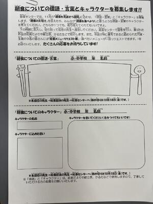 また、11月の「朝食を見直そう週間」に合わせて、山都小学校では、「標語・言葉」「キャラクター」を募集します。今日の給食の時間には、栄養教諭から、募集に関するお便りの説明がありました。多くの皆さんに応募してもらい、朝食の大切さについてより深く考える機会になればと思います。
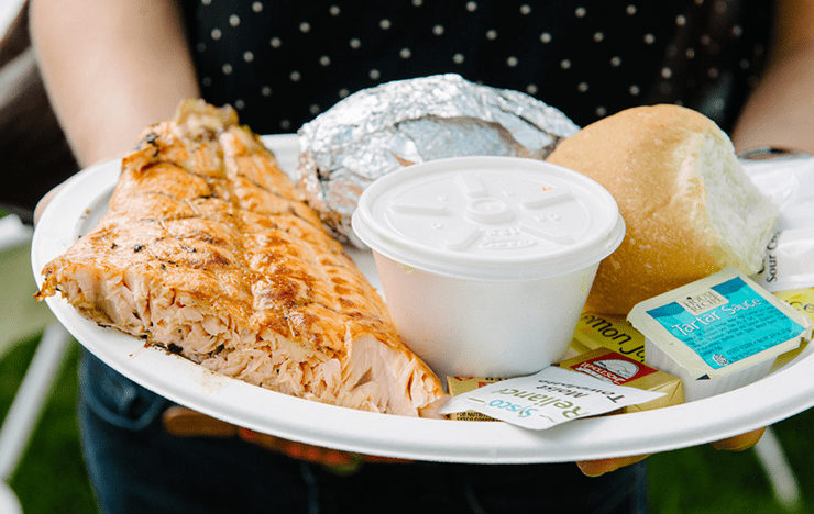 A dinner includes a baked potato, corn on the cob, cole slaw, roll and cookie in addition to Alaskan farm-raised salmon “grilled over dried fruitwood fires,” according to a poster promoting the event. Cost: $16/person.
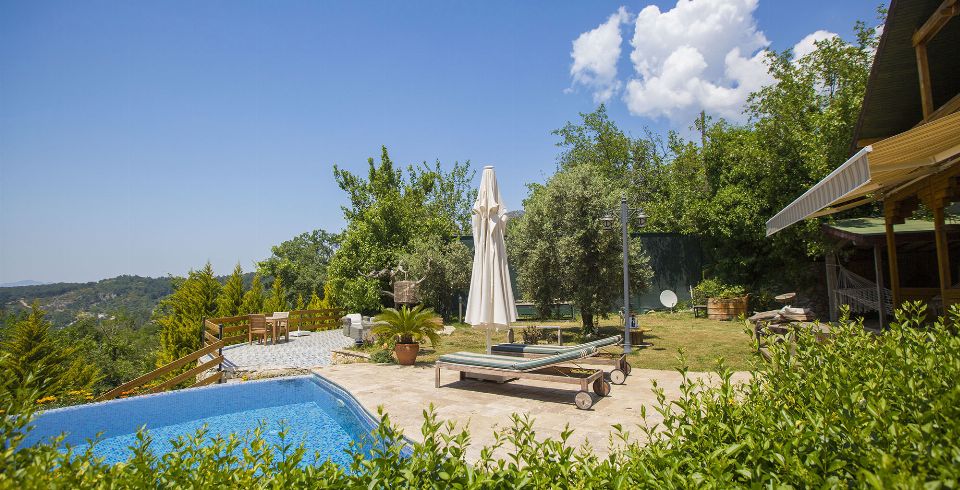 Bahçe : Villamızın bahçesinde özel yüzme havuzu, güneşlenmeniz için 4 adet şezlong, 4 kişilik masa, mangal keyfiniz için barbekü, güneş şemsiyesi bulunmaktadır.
☆ ☆ ☆ ☆
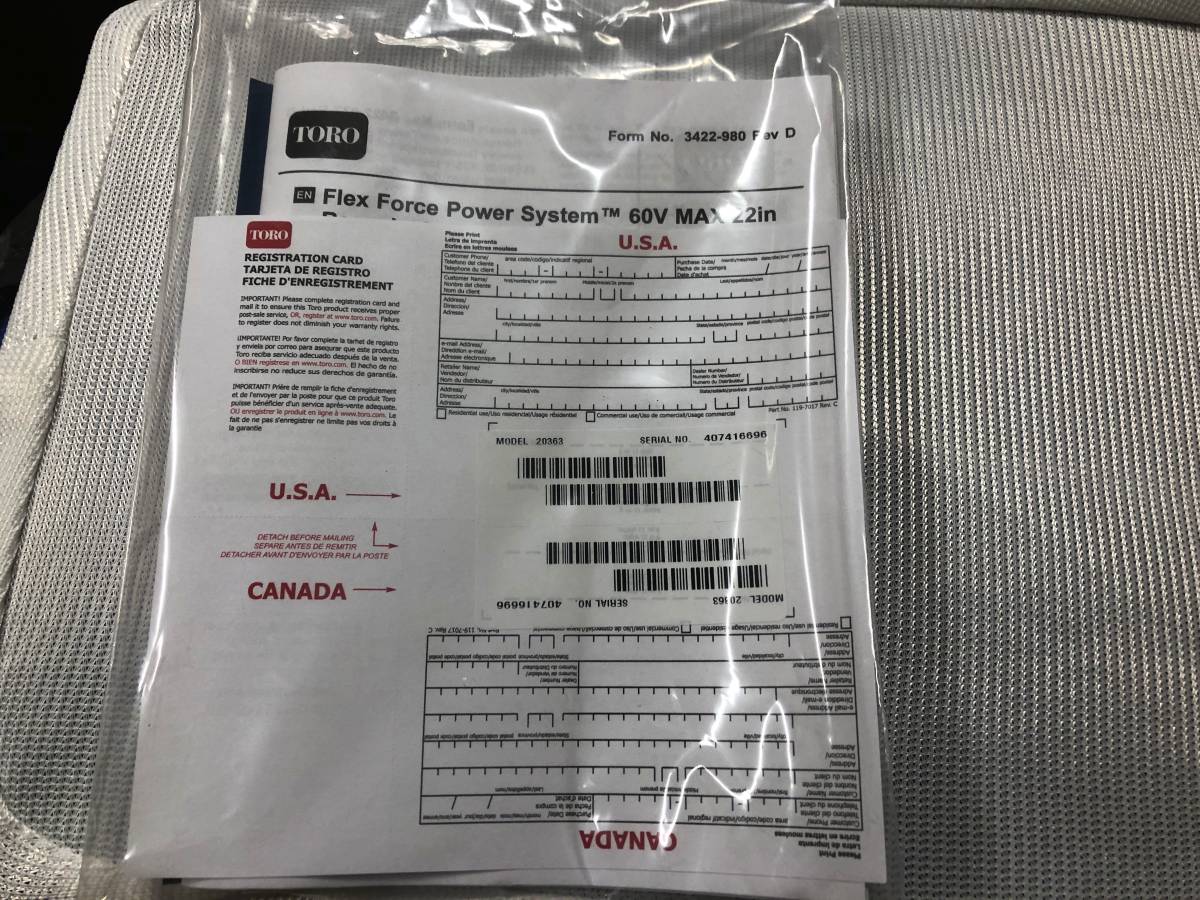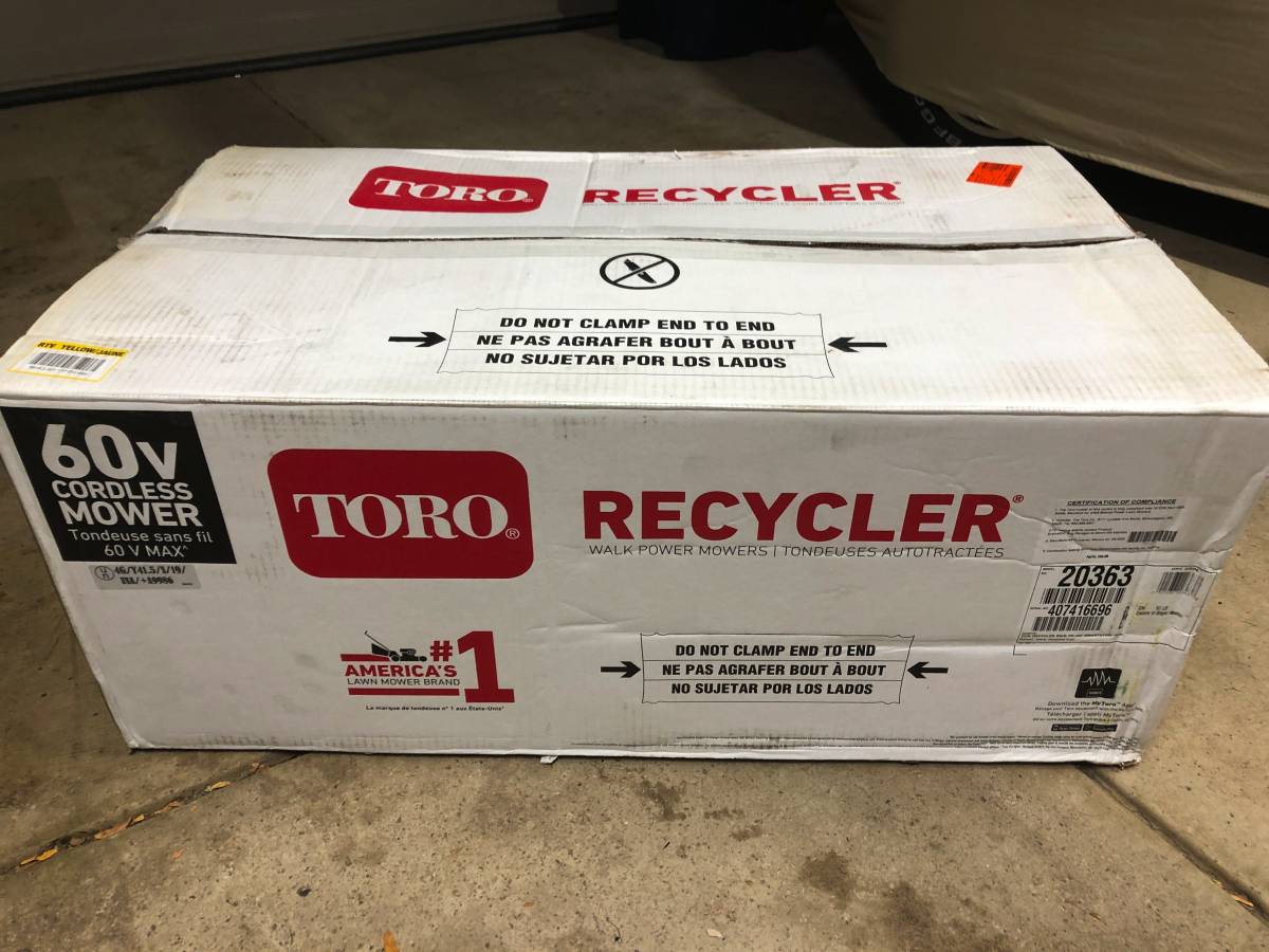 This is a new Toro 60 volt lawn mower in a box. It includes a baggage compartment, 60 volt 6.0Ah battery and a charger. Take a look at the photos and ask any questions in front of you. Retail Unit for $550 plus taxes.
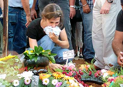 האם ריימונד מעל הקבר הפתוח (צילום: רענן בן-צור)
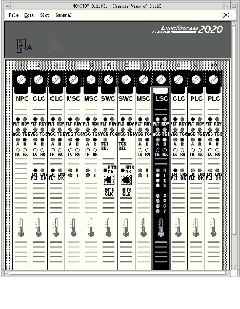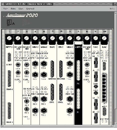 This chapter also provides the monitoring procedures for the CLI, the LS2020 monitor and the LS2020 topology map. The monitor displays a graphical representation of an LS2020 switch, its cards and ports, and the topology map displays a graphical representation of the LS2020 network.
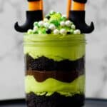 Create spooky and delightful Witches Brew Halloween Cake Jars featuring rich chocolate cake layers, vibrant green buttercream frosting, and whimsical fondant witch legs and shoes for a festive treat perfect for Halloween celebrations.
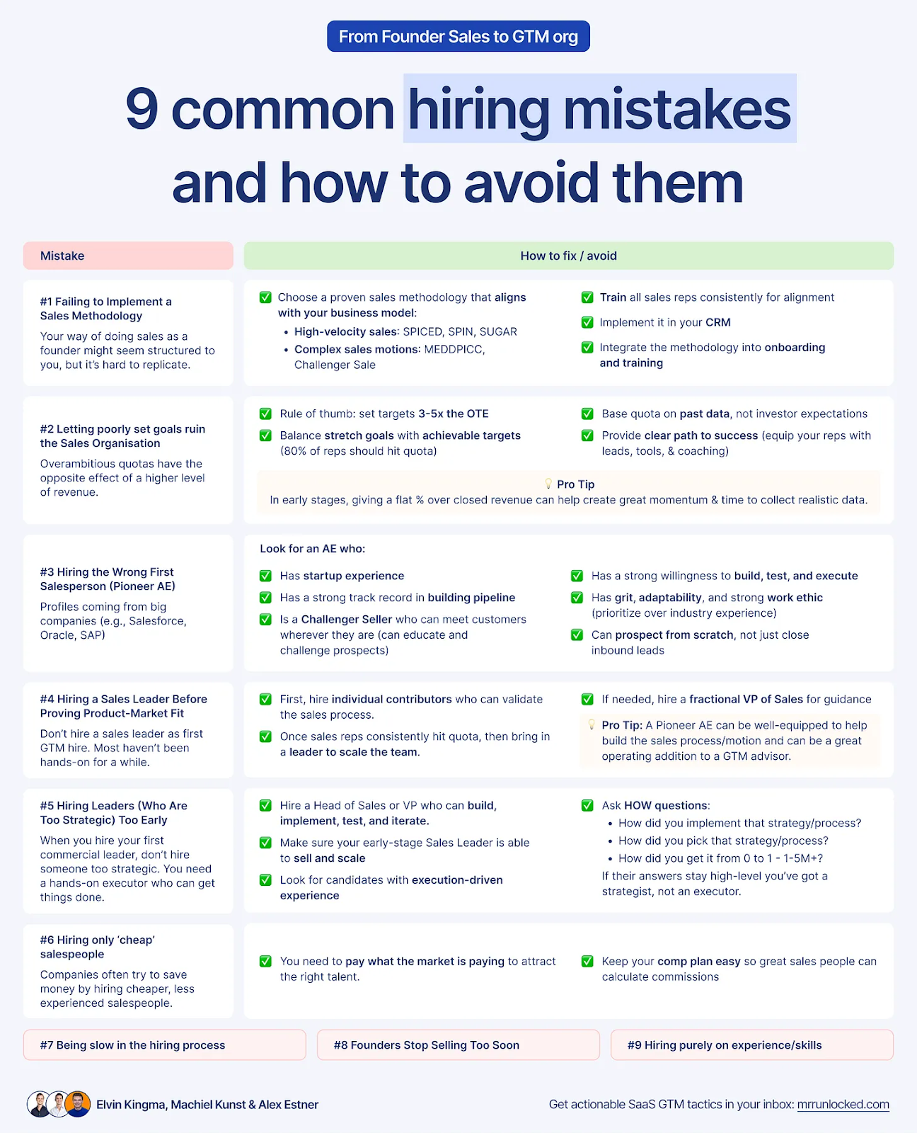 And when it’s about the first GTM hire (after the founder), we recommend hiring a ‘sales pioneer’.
☆ ☆ ☆ ☆
EXERCISE REQUIREMENTS: Among the entries above, copy exactly the stretch from the line holding "Create spooky and" through the line holding "And when it’s", leaving out any pictures.

RESPONSE TO THIS TASK:
 Create spooky and delightful Witches Brew Halloween Cake Jars featuring rich chocolate cake layers, vibrant green buttercream frosting, and whimsical fondant witch legs and shoes for a festive treat perfect for Halloween celebrations.
 And when it’s about the first GTM hire (after the founder), we recommend hiring a ‘sales pioneer’.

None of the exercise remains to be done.